Realtime Voice AI AGENTS Will Explode in 2025 | SHOWCASE
Based on All About AI's video on YouTube. If you like this content, support the original creators by watching, liking and subscribing to their content.
The appointment workflow relies on real-time voice plus function calling to query a scheduling database for exact date/slot availability.
Briefing
Real-time voice AI agents are moving from demos to practical business workflows—using function calling to check availability, confirm bookings, and write results into a database during a live phone conversation. The showcase centers on an “AI Dental” receptionist that answers calls, gathers appointment details, queries a scheduling database for open slots, rejects unavailable times, and then books the customer automatically.
The system is built around a real-time API plus a tightly controlled system message that defines the agent’s role and the exact tools it can use. When a caller asks for a specific time—like “9 a.m. tomorrow”—the agent triggers a function call that checks the database for that exact date and slot. If the requested slot is already taken, the agent responds with an apology and offers alternatives by calling another function to list available slots. Once the caller selects an open time (for example, “11 a.m.”), the agent confirms the appointment, collects contact information and any special requirements, and records the booking.
A key operational detail is the pipeline that turns a live call into structured data. The conversation is recorded and converted into an MP3 file, then transcribed using Whisper. From the transcript, structured outputs extract the fields needed to fill the appointment schema—first and last name, appointment date, chosen slot, contact email/phone, and special requests (such as requesting “calm background music” or even a “beer” to be offered during the visit). Those extracted values are then saved to the database and reflected on a dashboard, demonstrating end-to-end automation from voice interaction to persistent scheduling records.
The agent’s behavior also depends heavily on instruction-following. The system message instructs the agent to greet and identify the caller’s needs, collect required information, use the “list available slots” tool when asked for options, use the “check availability” tool when a specific time is requested, and always read back the confirmed date and time. The creator notes that some fields can be buggy (special requirements and certain extracted details aren’t always perfect yet), but the overall booking loop works reliably enough to be compelling.
Beyond scheduling logic, the showcase highlights voice and personality flexibility. Using the real-time API playground, different voices (e.g., “Sage” and “Ash”) can be selected, and the agent’s spoken style can be adjusted with voice configuration settings such as accent and pacing.

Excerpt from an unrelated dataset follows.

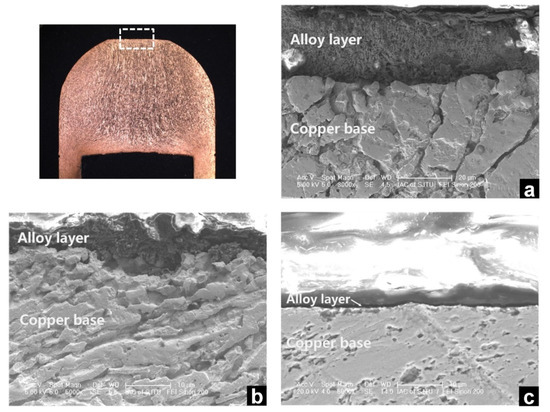 Figure 16 shows the cross-sections of the electrodes used after 600 welds. As shown in Figure 16, a thin layer of surface alloying could be observed on the three electrodes. The thickness of the thin layer differed widely. Without inserted strips, the thickness of the alloy layer was about 30 μm. It decreased to 6 μm by using 0.1 mm thick AISI304 strip and to 2 μm by using the optimal strip. The decrease in the thickness of the alloying layers implied a smaller extent of surface alloying occurring at the electrode surface and a lower temperature developed at the electrode surface, and the 0.12 mm Cu55Ni45 strip showed a better effect, which confirmed the validity of the optimization.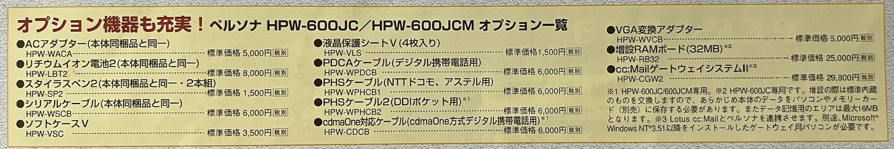 ※1 HPW-600JC/600JCM専用。※2 HPW-600JC専用です。増設の際は標準内蔵のものを交換しますので、あらかじめ本体のデータをパソコンやメモリーカード(別売)に保存する必要があります。またデータ記憶用のエリアは最大16MBとなります。※3 Lotus cc:Mallとペルソナを連携させます。別途、Microsoft Windows NT 3.51以降をインストールしたゲートウェイ月パソコンが必要です。

Quick call snippets show the receptionist persona shifting while still performing the same appointment workflow.
The takeaway for 2025 is less about a single dental use case and more about a repeatable pattern: real-time voice input, tool-based function calling for database-backed decisions, structured extraction for reliable record-keeping, and configurable voice/personality for user experience. With more testing before production, the approach points to a broader wave of voice agents that can handle customer interactions—answering questions, checking availability, and completing transactions—without human intervention.
Cornell Notes
A real-time voice AI receptionist automates dental appointment bookings by combining a real-time API with function calling and a database-backed scheduling workflow. During a call, the agent identifies the requested date/time, checks availability for exact slots, lists alternatives when a time is taken, and confirms the chosen appointment. After the conversation, the system records audio, transcribes it with Whisper, and uses structured outputs to extract key fields like name, appointment date, slot, contact info, and special requirements, then saves the booking to a dashboard. The system’s reliability depends on a detailed system message that forces consistent tool use and confirmation behavior. Voice and personality can be swapped by selecting different voices in the real-time API playground.
How does the agent decide whether a requested appointment time is available?
What happens when a caller asks for available times instead of a specific slot?
How does the system turn a phone conversation into a structured appointment record?
Why does the system message matter so much to the agent’s performance?
How can the agent’s voice and personality be changed without rewriting the workflow?
Review Questions
- What tool/function calls are triggered when a caller requests a specific time versus when they ask for available slots?
- Describe the end-to-end pipeline from recorded audio to a saved appointment in the database.
- Which extracted fields are required to fill the appointment schema, and how are they obtained from the transcript?
Key Points
- 1
The appointment workflow relies on real-time voice plus function calling to query a scheduling database for exact date/slot availability.
- 2
When a requested slot is unavailable, the agent switches to listing open slots and then re-checks availability after the caller chooses a time.
- 3
A practical pipeline records the call, transcribes it with Whisper, and uses structured outputs to extract appointment fields for database storage.
- 4
A detailed system message enforces consistent behavior: correct tool selection, required data collection, and read-back confirmation of date and time.
- 5
Voice and personality can be swapped via real-time API voice configuration while keeping the same booking logic.
- 6
Special requirements and some extracted details may still be imperfect, so additional testing is needed before production use.